Comme les cellules cancéreuses se multiplient plus vite que les cellules normales, la
sélection naturelle doit favoriser le cancer. Du point de vue de la cellule, le cancer est
donc une bonne chose. Maintenant, si l’on prend comme entité de référence le corps
humain dans son entier, le cancer est une mauvaise chose. En fonction du point de
vue de l’observation, du choix fait, le cancer va être favorisé ou défavorisé par la
sélection naturelle. Ainsi, la théorie de l’évolution prédit deux résultats opposés, en
fonction d’un choix d’observation.
(variante)
Pierre Sonigo – Les dimensions du vivant 4
BNF 19 nov 2003
Envisageons le cas d’une population de lapins sur une île. Imaginons qu'un lapin
plus lapin que les autres se reproduise plus rapidement, si rapidement que sa
descendance, tout aussi lapine que lui, épuise les carottes disponibles et entraîne
l'extinction de toute la gent lapine locale, qu’elle se reproduise vite ou pas. Cette
rapidité de reproduction constitue donc un avantage sélectif à l'échelle du lapin, mais
un grave désavantage à l'échelle de la population de lapins. C'est une situation de
conflit évolutif : l'application de la sélection naturelle à l'entité « lapin » produit un
résultat opposé de son application à l'entité « groupe de lapins ».
La biologie regorge de ce type de problèmes : la cellule cancéreuse se multiplie
rapidement et prend l'avantage à court terme dans la course reproductive entre
cellules. La sélection appliquée aux cellules doit donc entraîner le cancer.

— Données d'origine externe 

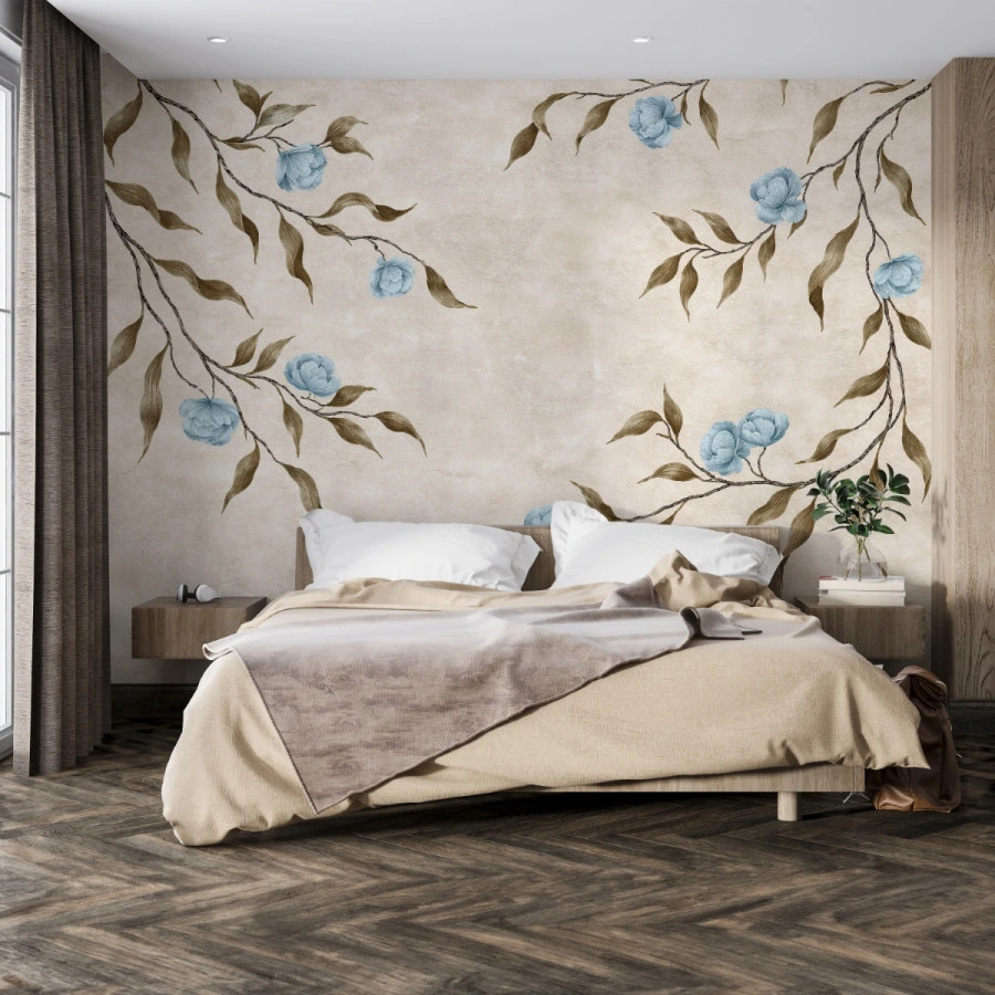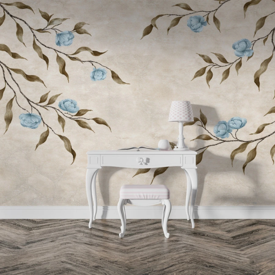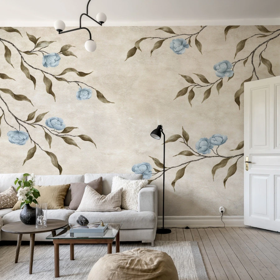 This floral branch wallpaper blends warm beige tones with gentle blue accents, offering a harmonious and minimalist aesthetic. The subtle textures enhance depth while maintaining a soft and elegant presence.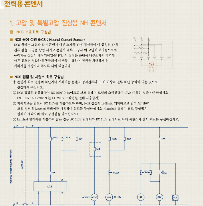 ncs 원리는 콘덴서 내부 소자를 Y-Y 결선하여 이 중성점 간에 전류 점출 코일을 삽입 시키고 콘덴서 내부 고장시 이 코일이 여자됨으로써 동작되늰 접점이 내장되어 있습니다. 이 접점은 콘덴서 내부 소자의 파괴에 따른 신호는 정확하게 동작되며 이것을 이용하여 전원을 차단하거나 개폐기를 개방시켜 주도록 되어 있습니다.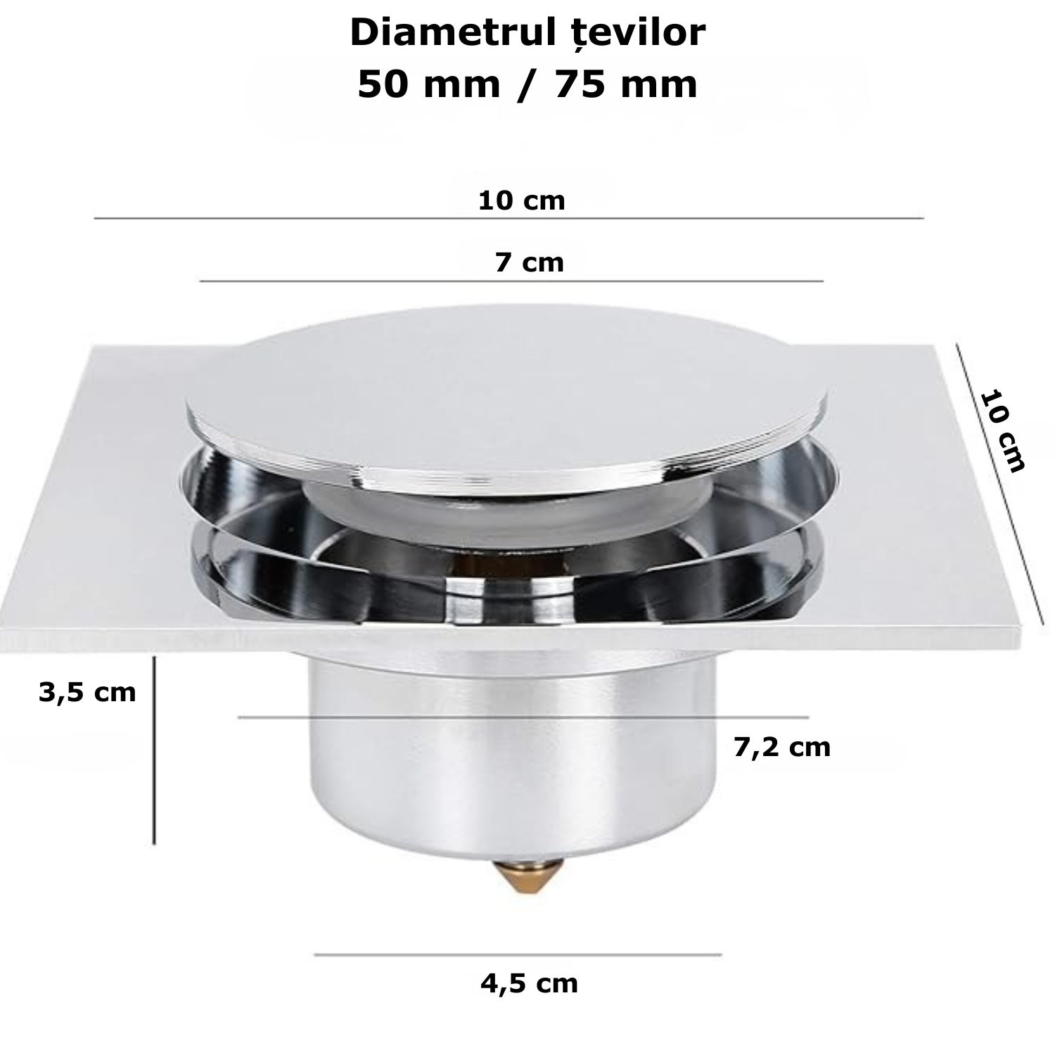 Sifonul are dimensiunea de 10x10 cm, este compatibil cu tevi de 50 mm si 75 mm, fiind potrivit pentru 99% din case.
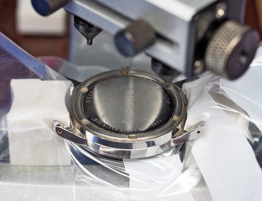 The first signs that this is a watch for which some time has passed since it last saw the attentions of a watchmaker presented themselves when I attempted to gain access to the movement. The construction here is two-part: the case back itself is clamped into position against the mating gasket by a separate ring. While such a design has a certain appeal, it does provide a greater number of surfaces vulnerable to the potential ravages of corrosion. My attempts to unscrew the ring manually were met with complete intransigence: it would not budge. Time to call into service my industrial case back opener designed to conquer even the most stubborn of over-tightened or seized case backs.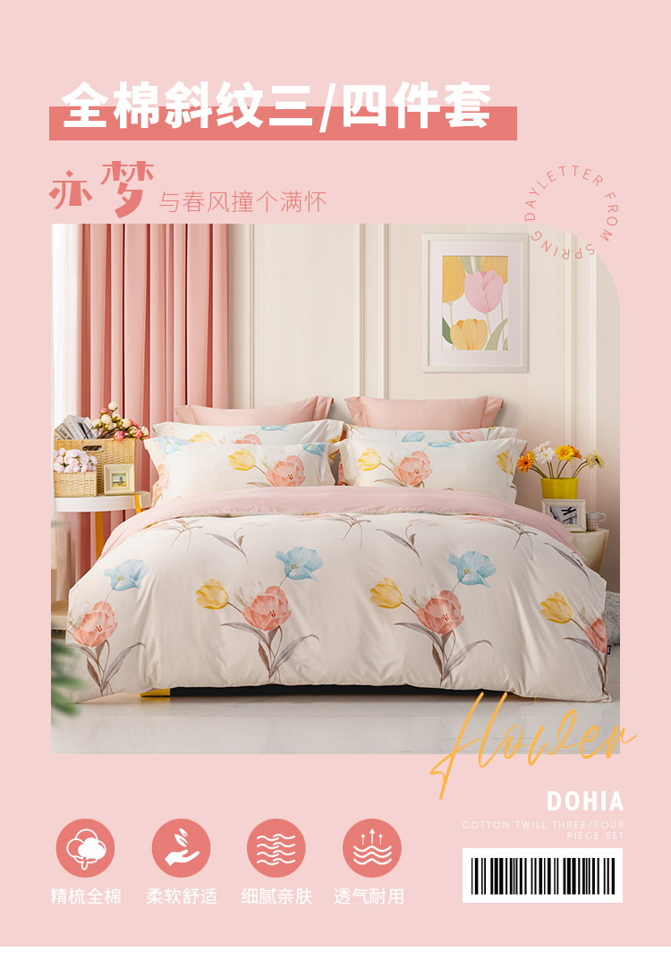 多喜爱 全精梳棉温馨花卉三/四件套 亦梦cs

Cependant, le cancer met l'organisme, c'est-à-dire la communauté cellulaire, en
grand danger. Appliquée à l’organisme, la sélection doit éviter le cancer. Si le cancer
est évité, il semble que la sélection de l’organisme ait primé sur la sélection de la
cellule. Vu sous cet angle, on peut considérer que les cellules ont coopéré en
renonçant au cancer et que l’organisme, c’est-à-dire l’individu défini par le langage
courant, est l’unité de référence.
Pierre Sonigo – Les dimensions du vivant 5
BNF 19 nov 2003
Le bon choix d’unité …
Nous, humains, avons tendance à considérer que le bon point de vue c’est le nôtre !
D’ailleurs, le vrai individu, celui qui compte, que nous appelons individu dans notre
langage naturel, c’est notre personne, c’est-à-dire vous ou moi. Ce qui est à
l’intérieur de nous est appelé milieu intérieur, et ce qui est à l’extérieur de nous est
appelé environnement. Cela nous semble une évidence. Or ce choix qu’on pourrait
dire anthropocentrique est très structurant par rapport aux théories et aux
descriptions qu’on va pouvoir faire du vivant.
La nature est un emboîtement de groupes et d’individus : un atome est un groupe de
particules, une molécule un groupe d’atomes, une cellule un groupe de molécules,
un organe un groupe de cellules, un individu un groupe d’organes. Question : peut
on définir ce qui est individu et ce qui est groupe dans l’absolu ? Réponse : bien sûr
que non, cela ne peut relever que d’un choix, d’une définition, avec tout le côté
arbitraire d’une définition, d’une convention. Mais à partir du moment où l’on fait un
choix de ce type, on renonce au relativisme de l’observation.
L’on ne voit pas au nom de quoi décider que ce groupe qu’on a favorisé dans la
théorie est le groupe de référence pour la biologie. Cela semble quand même une
étrange coïncidence, un peu troublante, que le bon groupe soit toujours nous.